Hong Kong Champions & Chater Cup is a Hong Kong Thoroughbred horse race held annually in late May or early June at Sha Tin Racecourse. A Group One race that offers a purse of HK$12,000,000, it is run on turf over a distance of 2400 meters (prior to 1995 it was disputed over 2200 meters and prior to 1992 over 1800 meters) and is open to horses three years of age and older. The third leg of the Hong Kong Triple Crown, it follows the Steward's Cup in January and the Hong Kong Gold Cup in February. The race has been an International Group 1 race since 2015.
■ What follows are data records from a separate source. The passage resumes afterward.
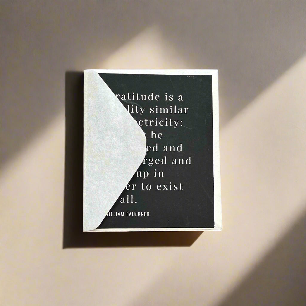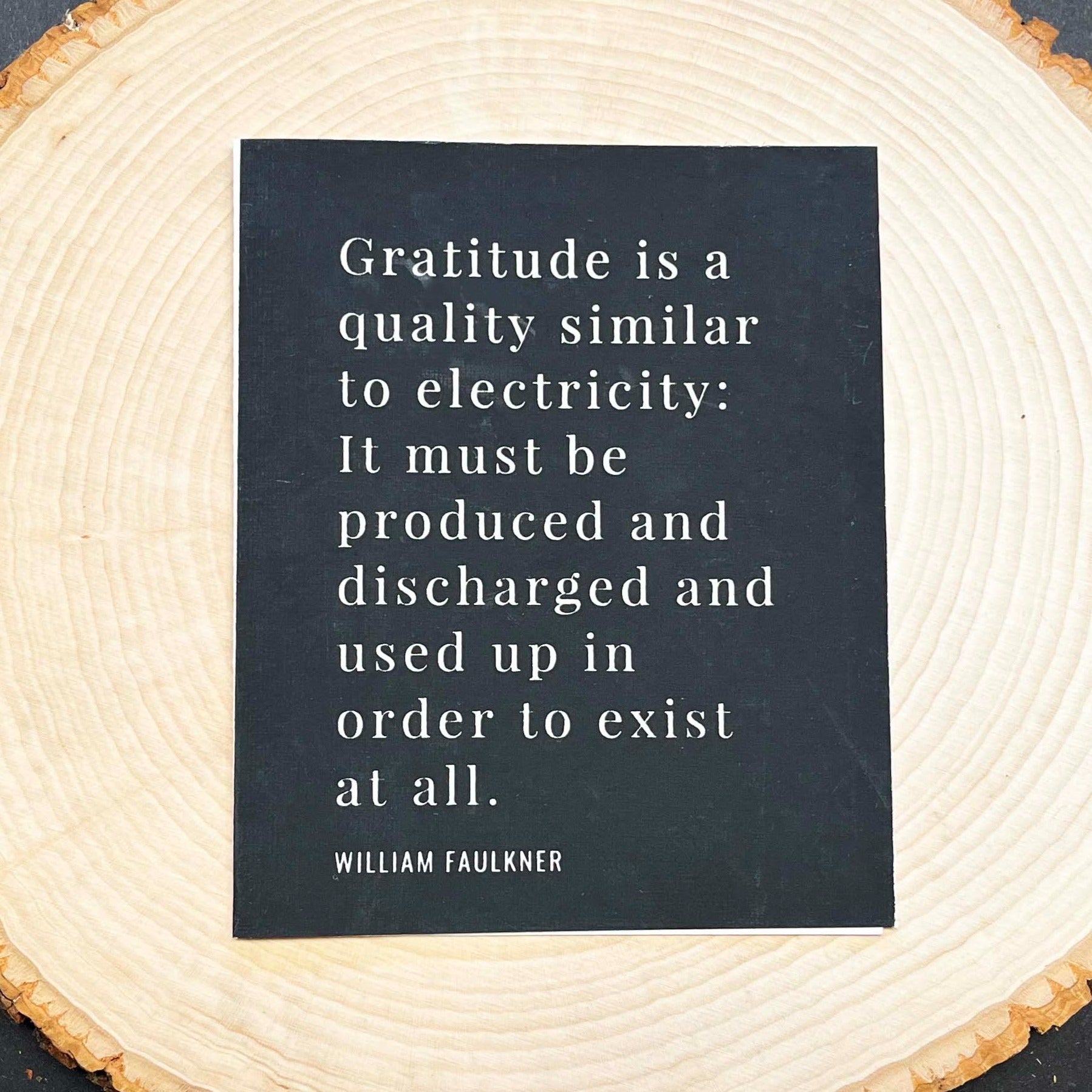 "Gratitude is a quality similar to electricity; It must be produced and discharged and used up in order to exist at all." -William Faulkner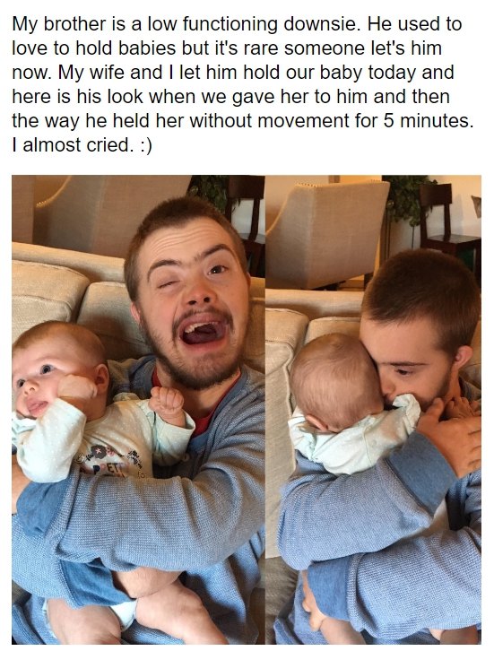 獨立報》報導,新手爸爸凱文(Kevin Throop)他有一位20歲患有唐氏症的弟弟丹尼爾(Daniel Throop),丹尼爾常被警告不許生育,因為他生下的孩子被遺傳疾病的機率高達50%,但他真的非常喜歡小孩子,而極少有父母願意將自己的小孩給他抱。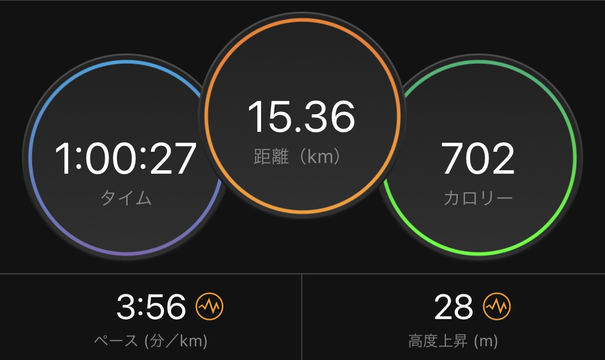 15.4km 1:00’27 3’56/km(4’22→3’44)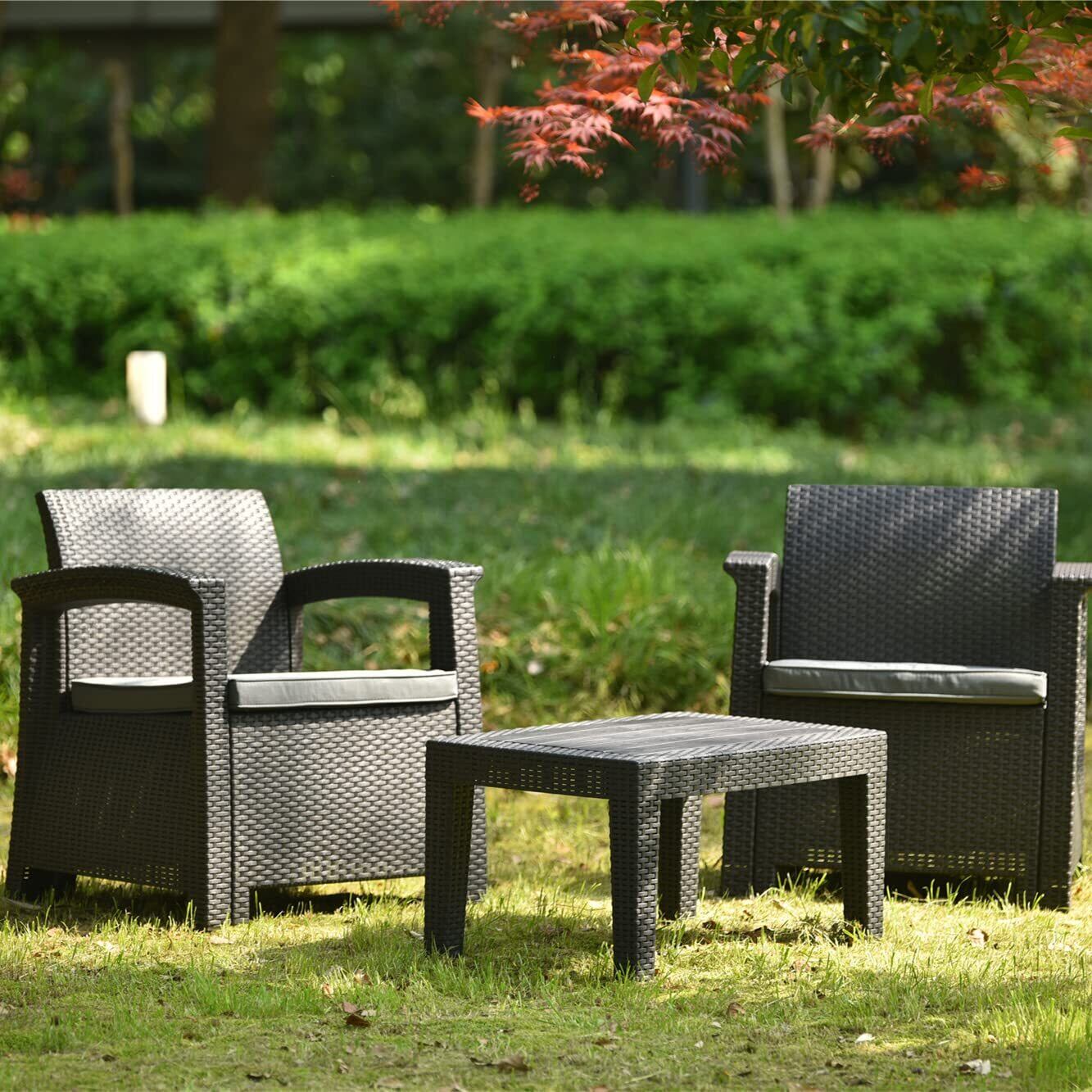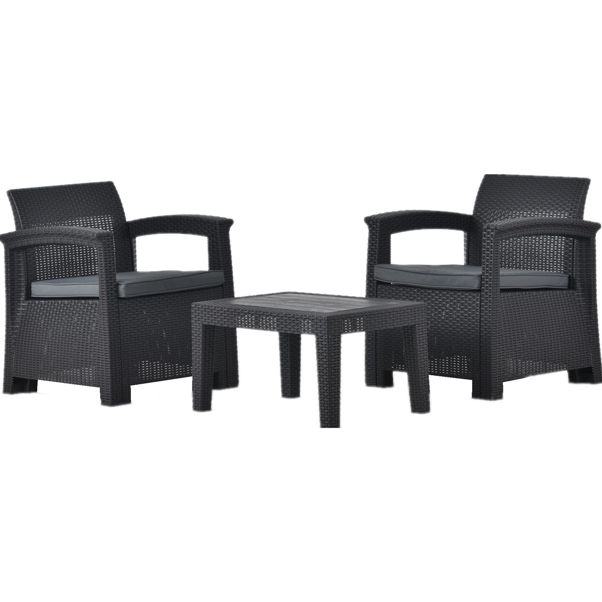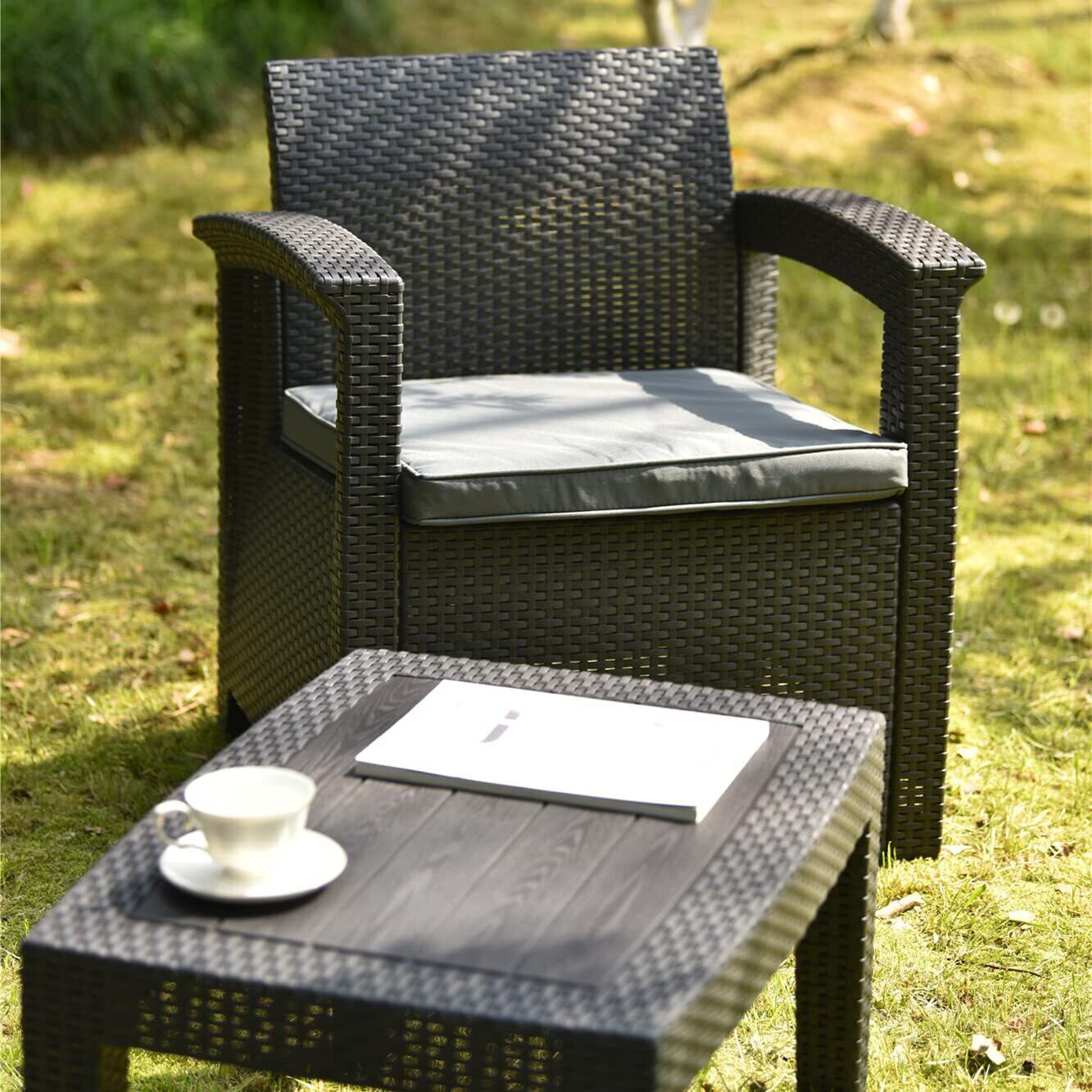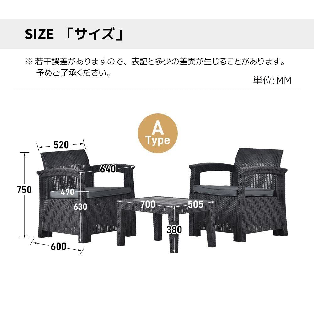 OSJ ガーデンファニチャー 3点 ガーデンテーブル テーブルセット ラタン調 樹脂 ホテル カフェ ベランダ テラス 高級 ソファ ガーデニング 軽量 ガーデンファニチャー 屋外家具 組立簡単(グレー) | KSショップ

The Hong Kong Champions & Chater Cup was first run in 1870 as "The Champion Stakes". After 1926, this race was renamed as "The Chater Cup" in honor of the renowned Hong Kong businessman and racehorse owner, Sir Paul Chater, who died on 27 May 1926. In 1955, the Hong Kong Jockey Club renamed this race to its current name.

==Winners since 1990==
| Year | Winner | Age | Jockey | Trainer | Owner | Time |
| 1990 | Quicken Away | 4 | Nigel Tiley | Peter Ng | Lo Sing Pui | 1:51.3 |
| 1991 | River Verdon | 4 | John Matthias | David Hill | Oswald Cheung & Ronald Arculli | 1:48.5 |
| 1992 | River Verdon | 5 | Basil Marcus | David Hill | Oswald Cheung & Ronald Arculli | 2:16.2 |
| 1993 | River Verdon | 6 | Basil Marcus | David Hill | Oswald Cheung & Ronald Arculli | 2:15.8 |
| 1994 | River Verdon | 7 | John Marshall | David Hill | Oswald Cheung & Ronald Arculli | 2:16.0 |
| 1995 | Makarpura Star | 4 | Tony Cruz | John Moore | Frank Wong Wing Pak | 2:30.6 |
| DH | Survey King | 5 | Greg Childs | John Moore | Mak Kang Hoi | 2:30.6 |
| 1996 | Privilege | 5 | Basil Marcus | Ivan Allan | Peggy Kwoh So Chi | 2:26.1 |
| 1997 | Indigenous | 4 | Alan Munro | L. S. Li | Pang Yuen Hing | 2:28.2 |
| 1998 | Indigenous | 5 | Basil Marcus | Ivan Allan | Pang Yuen Hing | 2:31.4 |
| 1999 | Oriental Express | 6 | Eric Saint-Martin | Ivan Allan | Larry Yung | 2:28.3 |
| 2000 | Housemaster | 4 | Robbie Fradd | Ivan Allan | Larry Yung | 2:27.4 |
| 2001 | Oriental Express | 8 | Felix Coetzee | Ivan Allan | Larry Yung | 2:28.1 |
| 2002 | Cheers Hong Kong | 5 | Douglas Whyte | Ivan Allan | Tuesday Club Syndicate | 2:35.0 |
| 2003 | Precision | 5 | Brett Prebble | David Oughton | Wu Sai Wing | 2:30.4 |
| 2004 | Super Kid | 4 | Shane Dye | John Size | Wong Yuk Kwan | 2:28.1 |
| 2005 | Vengeance of Rain | 4 | Anthony Delpech | David Ferraris | Raymond Gianco Chow Hon Man | 2:29.9 |
| 2006 | Viva Pataca | 4 | Michael Kinane | John Moore | Stanley Ho | 2:29.7 |
| 2007 | Viva Pataca | 5 | Michael Kinane | John Moore | Stanley Ho | 2:24.6 |
| 2008 | Packing Winner | 5 | Douglas Whyte | Peter Ho Leung | Lee Wan Keung | 2:27.3 |
| 2009 | Viva Pataca | 7 | Weichong Marwing | John Moore | Stanley Ho | 2:27.34 |
| 2010 | Mr Medici | 5 | Gerald Mosse | Peter Ho Leung | Shi Lap Tak | 2:38.49 |
| 2011 | Mighty High | 5 | Darren Beadman | John Moore | Albert Hung Chao Hong | 2:28.34 |
| 2012 | Liberator | 4 | Weichong Marwing | David Ferraris | 06/07 David Ferraris Trainer Syndicate | 2:30.84 |
| 2013 | California Memory | 7 | Matthew Chadwick | Tony Cruz | Howard Liang Yum Shing | 2:26.46 |
| 2014 | Blazing Speed | 5 | Neil Callan | Tony Cruz | Fentons Racing Syndicate | 2:28.11 |
| 2015 | Helene Super Star | 5 | Douglas Whyte | Tony Cruz | Wilson Woo, Dawson Woo & Jackson Woo | 2:27.52 |
| 2016 | Blazing Speed | 7 | Neil Callan | Tony Cruz | Fentons Racing Syndicate | 2:26.18 |
| 2017 | Werther | 5 | Hugh Bowman | John Moore | Johnson Chen | 2:29.26 |
| 2018 | Pakistan Star | 5 | Tommy Berry | Tony Cruz | Kerm Din | 2.27.42 |
| 2019 | Exultant | 5 | Zac Purton | Tony Cruz | Eddie Wong Ming Chak & Wong Leung Sau Hing | 2:26.00 |
| 2020 | Exultant | 6 | Zac Purton | Tony Cruz | Eddie Wong Ming Chak & Wong Leung Sau Hing | 2:26.01 |
| 2021 | Panfield | 4 | Karis Teetan | Tony Millard | Yue Yun Hing | 2:25.25 |
| 2022 | Russian Emperor | 5 | Blake Shinn | Douglas Whyte | Mike Cheung Shun Ching | 2:26.67 |
| 2023 | Russian Emperor | 6 | Hugh Bowman | Douglas Whyte | Mike Cheung Shun Ching | 2:26.87 |
| 2024 | Rebel's Romance | 6 | William Buick | Charlie Appleby | Godolphin Racing | 2:25.62 |
| 2025 | Voyage Bubble | 6 | James McDonald | Ricky Yiu Poon-fai | Sunshine And Moonlight Syndicate | 2:26.67 | |
| 2026 | Romantic Warrior | 8 | James McDonald | Danny Shum Chap-shing | Peter Lau Pak Fai | 2:26.67 |

 Since 1992 the race was disputed over 2200 meters.

 Since 1995 the race is disputed over 2400 meters.